堅持,一種可以養成的習慣-讀書筆記
作者古川武士,畢業於日本關西大學,現為日本習慣培養顧問公司董事長,有多年培訓指導企業經營者和職場人士的經驗,其所開創的個人成長課程深受日本上班族歡迎。本書在日本亞馬遜網站上一直是讀者五星好評的圖書。它從研究人的「行動科學」入手,系統地介紹了培養習慣的階段性特徵和應對方法,告訴你行動堅持不下去的真相,並幫助你用正確的方法把堅持變成一種習慣,從而讓任何習慣都能夠堅持下去!
對於培養習慣大多數人都堅持不下去,會覺得堅持不下去一定是因為意志力不夠,沒有好的環境等等。但作者認為,堅持不下去不是我們的錯,而是沒找到正確的堅持方法。作者說,我們是堅持做一件事情養成習慣的,但如果把「堅持」這件事本身也變成一種習慣,那麼我們無論什麼習慣都可以培養了。這就是這個作者提的一個非常獨特的觀點,養成「培養習慣」的習慣。

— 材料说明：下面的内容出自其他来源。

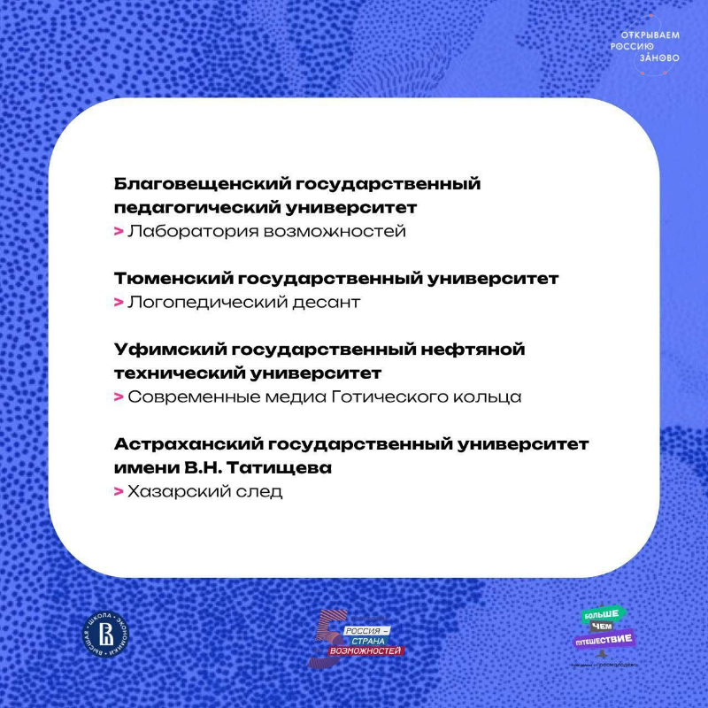 Определены победители спецконкурса на проведение экспедиций от «Открываем Россию заново» 8 вузов-пилотов отправятся в проектную или исследовательскую экспедицию и решат задачи стратегического развития одного из регионов России.

作者認為,習慣不是一個一個具體要培養的事情,比如,戒煙,而是所有把重複的行動變得自動化的過程都是習慣。習慣養成後,就不依賴意志力,可以把自己想要持續的事情變成像每天刷牙般的輕鬆。
為什麼堅持不下去
為什麼我們無法把自己想持續做的事情轉化為習慣呢?簡單來說,那是因為人類具有「對抗新變化、維持現狀的傾向」的特點。環境變化時,生物會將生理狀態維持在某一固定狀態,這一狀態稱為「體內平衡」。我們因應外在的變化,保護自己的身體,通過這樣的方式生存下去。

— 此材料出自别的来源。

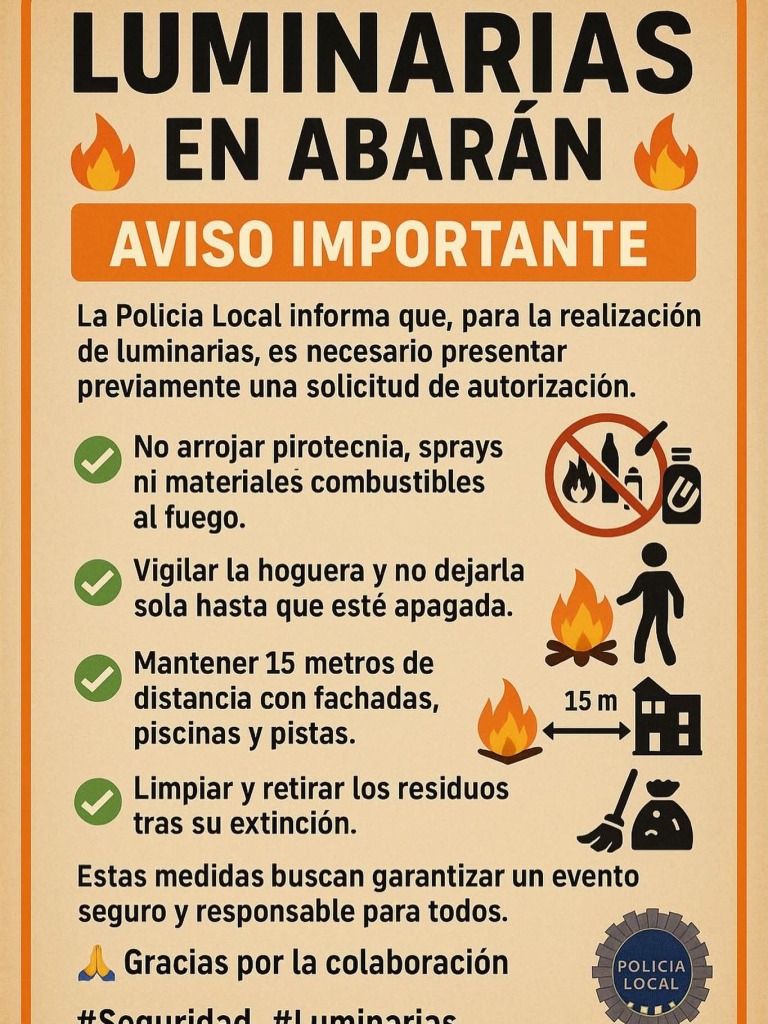 La Policía Local de Abarán ha emitido un aviso dirigido a la ciudadanía con motivo de la próxima celebración de luminarias en el municipio. El cuerpo de seguridad informa de que toda hoguera deberá contar previamente con una autorización oficial, que se concederá únicamente cuando el lugar propuesto cumpla la normativa vigente.

比如,體溫。人類的正常體溫為三十六點五度。身體平常一直維持在正常體溫的狀態。不管是氣溫高到攝氏四十度的酷夏,還是低到攝氏零度的寒冬,我們的身體都不會受到環境變化的影響,仍然維持在正常的體溫。另外,因感冒而發燒時,身體也會利用出汗的方式,拚命地冷卻自身以調降體溫。也就是說,身體一直努力地保持在正常體溫的狀態。

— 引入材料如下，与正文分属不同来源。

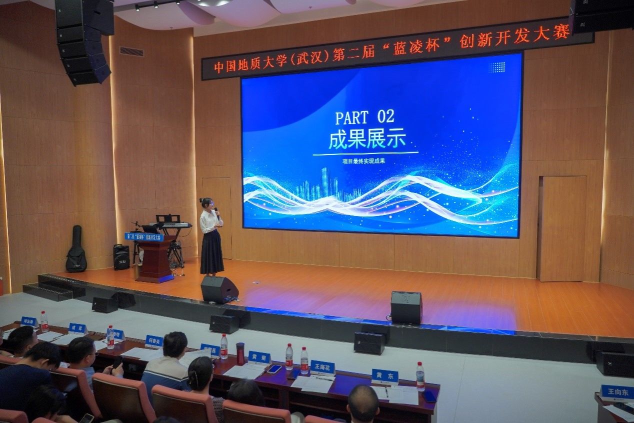 比赛正式开始,10支决赛队伍依次上台答辩。小队成员们精神饱满、细致生动地讲述了小队的开发进程与最终成果,充分展现了地大学子热情洋溢、精益求精的精神风貌。

不管是身體或心理狀態,如果不能維持在固定狀態的話,就會被各種變化所影響。對於人類而言,保持在固定的狀態會感覺比較舒適,變化則會被視為是一種威脅。而習慣和體溫一樣,正因為身體對「培養新習慣」的變化感受到了威脅,所以大多數人對於新事物都是「三分鐘熱度」而無法勤奮地持續,最後就容易導致失敗。作者說這種現象為「習慣引力」。
所以,你若要將某個行動轉化為習慣,就必須克服這種習慣引力。但只要突破前一個階段的習慣引力的阻礙,養成習慣後,大腦就會把這種行為認為是日常功能,就會拼命地維持這種行為,這也是習慣引力的功能。
只不過,習慣引力在一個習慣的養成過程中,根據習慣的不同,所處的階段不同,為了克服習慣引力,要採取的策略和方法也不一樣。如果你能夠知道在各個階段能夠用什麼樣的方法去克服習慣引力,那麼養成習慣就容易多了。
如何培養習慣
首先我們要知道習慣和習慣的養成難度是不一樣的,其中一個重要的原因就在於習慣其實有不同的類型。
培養習慣的三種類型
1、行為習慣
行為習慣即每天規律的行為,例如,讀書、寫日記、整理、節約、記錄家庭收支等。這些行為習慣根據工作或生活環境不同,比較具有彈性,所以對人類而言,培養行為習慣難度不大,一般一個月左右就能養成。
2、身體習慣
身體習慣,就是要讓整個身體發生變化,例如,減肥、運動、早起、戒煙、肌力訓練等。這種習慣對生活影響比較大,它可能就需要三個月左右的時間。
3、思考習慣
是與思考能力相關的習慣。例如,邏輯性思考能力、創意能力、正面思考以及紓壓思考等習慣。培養習慣的時間大約需要六個月甚至更長。
這本書提供的方法主要還是講如何培養行為習慣和身體習慣。習慣類型不一樣,需要的時間也不一樣,像刷牙洗臉這樣的行為習慣,可能也就21天、一個月就可以養成,而如果是更複雜的身體習慣甚至思維習慣,那21天肯定是不夠的。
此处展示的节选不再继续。